__Work order__. Leave out the pictures and output exactly the lines below from the one with "Poppy Chic Blue" down to the one with "НАБІР КРИСТАЛІВ ГРАФИН", both of them included.

__Materials provided__.

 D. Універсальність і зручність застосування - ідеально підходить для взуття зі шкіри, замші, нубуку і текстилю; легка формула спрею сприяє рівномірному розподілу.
...
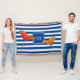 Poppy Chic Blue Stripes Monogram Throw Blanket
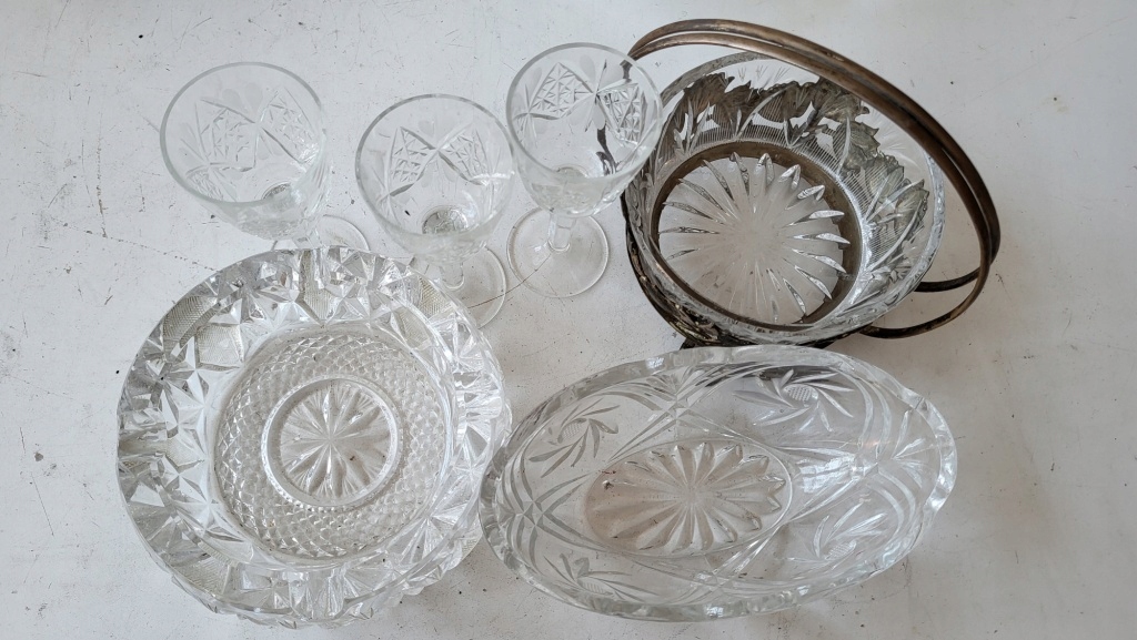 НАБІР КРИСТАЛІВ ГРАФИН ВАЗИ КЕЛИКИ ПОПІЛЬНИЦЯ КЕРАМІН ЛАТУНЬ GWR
--
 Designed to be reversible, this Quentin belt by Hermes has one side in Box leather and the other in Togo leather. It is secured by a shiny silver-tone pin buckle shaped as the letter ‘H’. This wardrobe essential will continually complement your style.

__Output__.
 Poppy Chic Blue Stripes Monogram Throw Blanket
 НАБІР КРИСТАЛІВ ГРАФИН ВАЗИ КЕЛИКИ ПОПІЛЬНИЦЯ КЕРАМІН ЛАТУНЬ GWR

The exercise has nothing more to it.